Israeli civil and military law allows incommunicado detention in “emergency situations or unique cases,” the group said, but data collected between 2000 and 2007 showed denial of legal access was the rule rather than the exception for Palestinians being interrogated by the GSS in the West Bank.
The report, co-authored with the Palestinian Prisoner Society, estimates that up to 10,773 Palestinians interrogated by the GSS in the West Bank were denied legal access, with nearly half going more than two weeks without a lawyer.
In addition to violating legal guidelines that allow interrogators to deny access to a lawyer in exceptional cases only, the report said detainees held incommunicado were exposed to harsher conditions, and even torture.

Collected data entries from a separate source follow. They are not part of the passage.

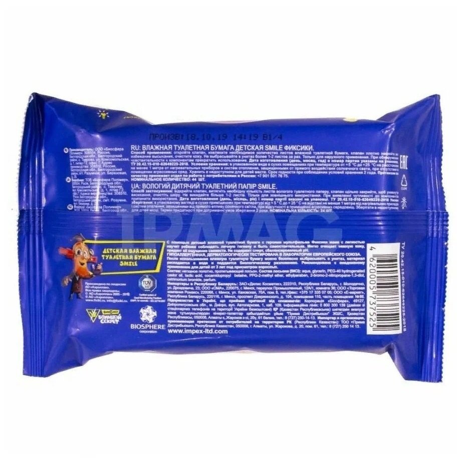 Бумага туалетная бумага Smile влажная Фиксики 44 шт. Smile Baby (118739)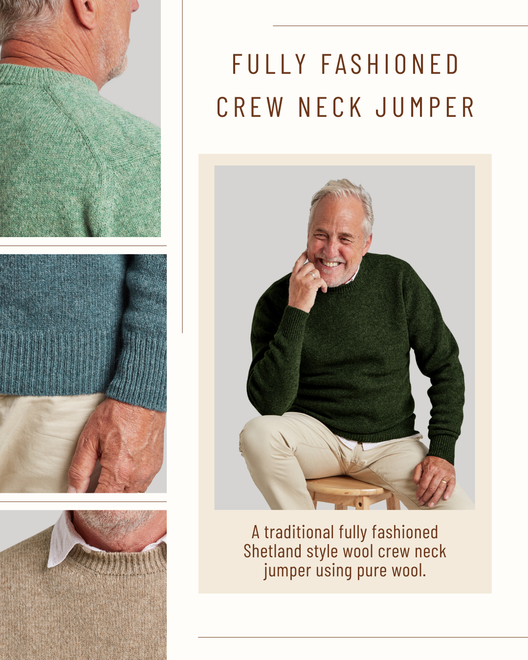 Fully Fashioned Shetland Crew Neck Jumper in Dark Olive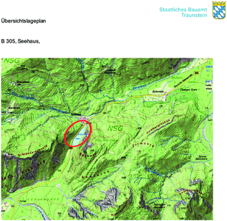Oberhalb der Bundesstraße 305 zwischen Chiemgau Arena und Seegatterl, werden im Bereich Seehaus am 06.11.2023 in Zusammenarbeit mit den Bayerischen Staatsforsten dringliche Forst- und Instandhaltungsarbeiten an den Lawinen- und Steinschlagschutzverbauungen durchgeführt. Wegen der schwierigen Arbeiten im Steilgelände ist der Einsatz eines Hubschraubers zwingend erforderlich. Aus Sicherheitsgründen für den Verkehr muss die Bundesstraße während der Arbeiten halbseitig und während der Flugzeiten vollumfänglich gesperrt werden.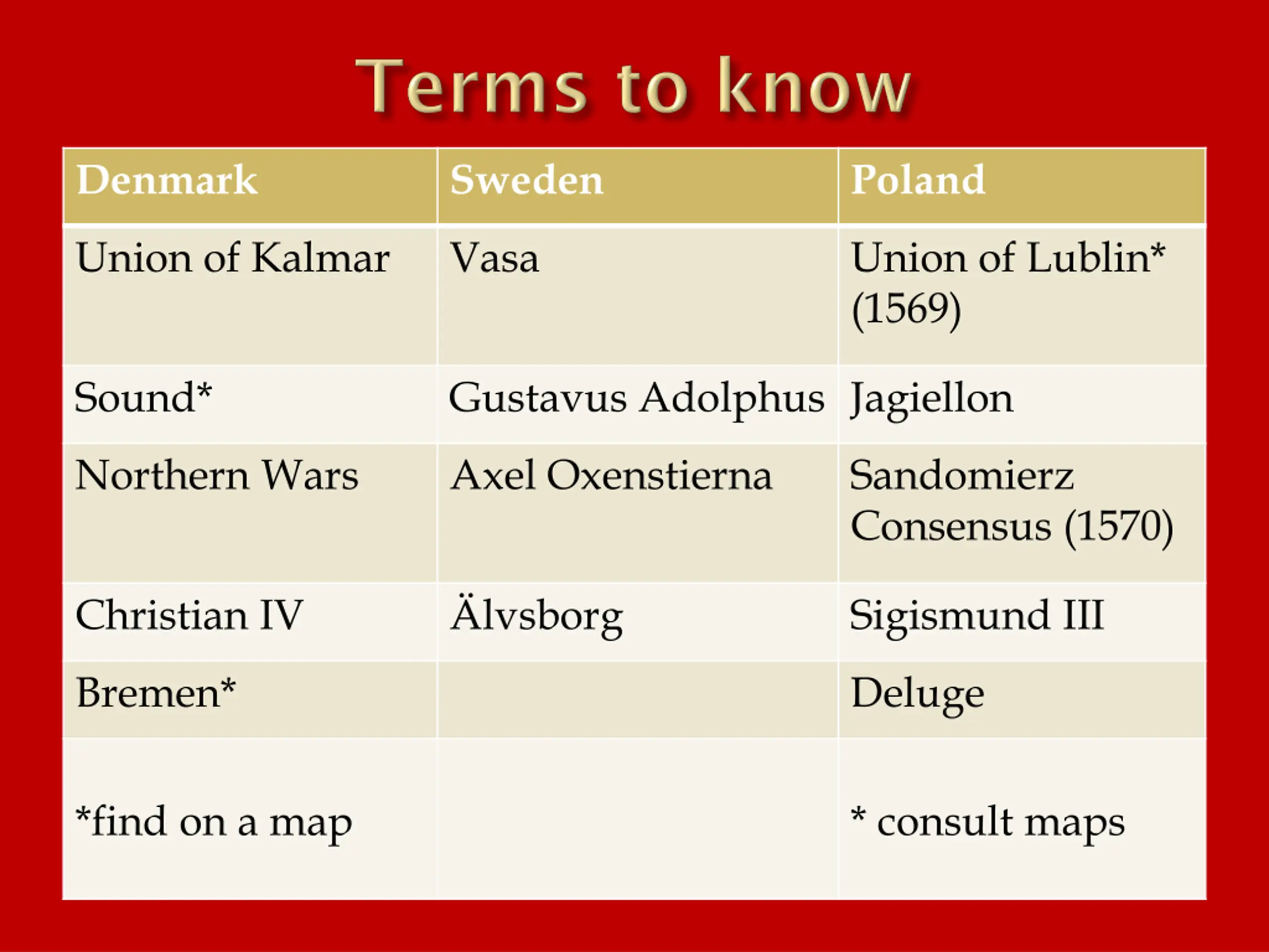 Denmark Sweden Poland Union of Kalmar Vasa Union of Lublin* (1569) Sound* Gustavus Adolphus Jagiellon Northern Wars Axel Oxenstierna Sandomierz Consensus (1570) Christian IV lvsborg Sigismund III Bremen* Deluge *find on a map * consult maps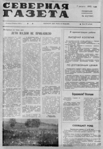 7 августа 1995 года понедельник № 6 3 ( 7 3 8 2 ) О с н о в а н а 20 июля 1935г, ф ф В Ы Х О Д И Т Д В Л РА ЗА В Н Е Д Е Л Ю . Интервью на тему дня ЛЕТО НАДО И НЕ ПРИБАВИЛО ф Цена 150 рублей. 0 0 °О О О О О О О О О О О С Ю О О О О О О О О О О О О С Ч Х > С Ч ;» О О О О О О О О О О О О О О О С К 'Ю О О О О О О С оос£ В администрации района ВЫ Е З ДН АЯ К О Л Л Е Г И Я На выездной коллегии, которая работала в с . Граждан- цевз, были рассмотрены следующие вопросы: О состоянии общественного животноводства и его сохранности в А О « Л у ч » . — О программе намерений по жилищному строительству на 1996— 1997 годы. — О выделении квартир и постановке на очередь. — О проекте постановления' областной администрации « О б освобождении А О О Т «Новосибирскнефтегаз» от оплаты за землю при строительстве автодороги С е в е р ное— Мало-Карагаевка. С докладами и сообщениями, соответственно, вы ст упили: Гриц Н . Е . — начальник ветстанцни, Жорой В . П . — заместитель главы райадминистрации (по 2 и 3 вопросу), Марченко А . Т . — председатель комитета но земельным ресурсам и землеустройству. Во все подготовленные проекты постановлений внесены дополнения, уточнения, рекомендации, которые будут учтены. П О Д О Г О В О Р Н Ы М Ц Е Н А М Администрация Северного района приняла распоряжение № 2 54 -Р от 17.0 7.9 5 г. «О договорных ценах на стеклотару и отмене залоговых цен». Это распоряжение принято вэ исполнение подобного распоряжения областной администрации. Введение договорных цен на стеклотару проводится «в целях улучшения приема стеклотары от населения, а также в связи с тем, что отпускные цены заводов-нзгото- нителей на стеклотару постоянно растут и превысили действующие залоговые цены на нее». Этим распоряжением разрешено коммерческим организациям, гражданам — индивидуальным предпринимателям закуп стеклотары у населения по договорным (свободным рыночным) ценам и реализацию ее предприятиям пищевой и перерабатывающей промышленности по договорным ценам. с^ хчххуухю о о о о о о о о о о о о о о о о о о о о о сххю о о о о о о о о о о о о о о о о о о о о со о о о о о о сю о сп о о о о о о о п о о а р о С Спрашивали? Отвечаем Л е т о п е р е в а л и л о з » свою п во е д р ыв ую у ж п е о д м о о в г и у к т у , го и во р жи и ть вотно о начальном периоде ного с о д е р ж а н и и ж п и а в с о т т б н и ыщ х как о событии прош лом . О н и п е г т г р э л я с ь ра зр еш и т ь гие во про сы , п р и с ущ и е ходу гуртив на в ы а а с а , п м е н р Н о е о значительная часть проблем т п я о -пр п е р ж о н и е зв м о у дс т т р в е о во н ж е и с т то и и х т . х н о а - месте , и к аж ды й д е ь с летни х д ет о с и я ль мныол х о ' к п о л , ощко а т д о о р к ое о т я п в р л а я в е л т я ся Основной продукци ей в ж н аэт - к п ч о а о юч л ю и т ч д , е ст с ч т в т е в о . о , мМ е к н ш а о к а г е о р т а л б л о у т в е а е г е о л т и с п я ч о и л с т е ь у годня д о я рк ам н п а с т у х а м ? о О т б ех э н т и о к м у п го р в а о в р л и ен т ии плав с н елы ь й с к з о о г о х о з я й с т в а Е . В . С м и р н о в а . — Е л и з а в е т а ннш и а л , ю о н го а с к г а о д к д а о а н м н н ыу а р х м о о в д п н и е В е т р л с и п я а о о д д и с о м р м и а в п р н р о о в е водство м о л о к а ? — П р о и з в о д с т в о м п о р л о о и т з о с шч н и е и н н з а и и м е л . о О с п ь д о н г л а о ю - л т о о н в е ь с н я к и о х к л о ь —д к о и в м у . м п е н к р юь и - тО|р,:,пх ст ано в ят ся м ен ьш е д а ж е т е т е р ь , в летн ее г р е м я . ч ся ас 4 в 4 8 х 8 о з г я о й л с о т в в а х д о н й а шсч г и о ты г у в р С ае т е т а й , в то в

“All the detainees who gave affidavits to PCATI regarding their interrogations under incommunicado detention testified to having been exposed to violence, including physical and/or psychological ill treatment, and were held under especially hard conditions,” the report said.
The rights groups said prisoners described being shackled to chairs for prolonged periods, sleep deprivation, threats, and abysmal detention conditions.
“It is doubtful that a single one of the cases… would have occurred without the conditions of incommunicado detention,” the report said.
While the report only provides detailed statistics on the period up to 2007, PCATI said information gathered between 2008-2010 “shows the scope of GSS’ use of ‘incommunicado detention’… has not decreased.”
The group called for new rules on when prisoners can be denied access to a lawyer “so as to reduce to a minimum the implementation of this tool,” and for cameras to placed in GSS interrogation facilities to monitor questioning.
It also urged the courts to force the release of additional official information on incommunicado detention by the GSS.
Rights groups have regularly petitioned for the release of official statistics under Israel’s freedom of information law, but the courts have usually sided with the GSS, permitting them a security exemption.
“This comprehensive confidentiality of information… permits the GSS to continue its mass use of incommunicado detention unimpeded, under cover of obscurity,” the report said.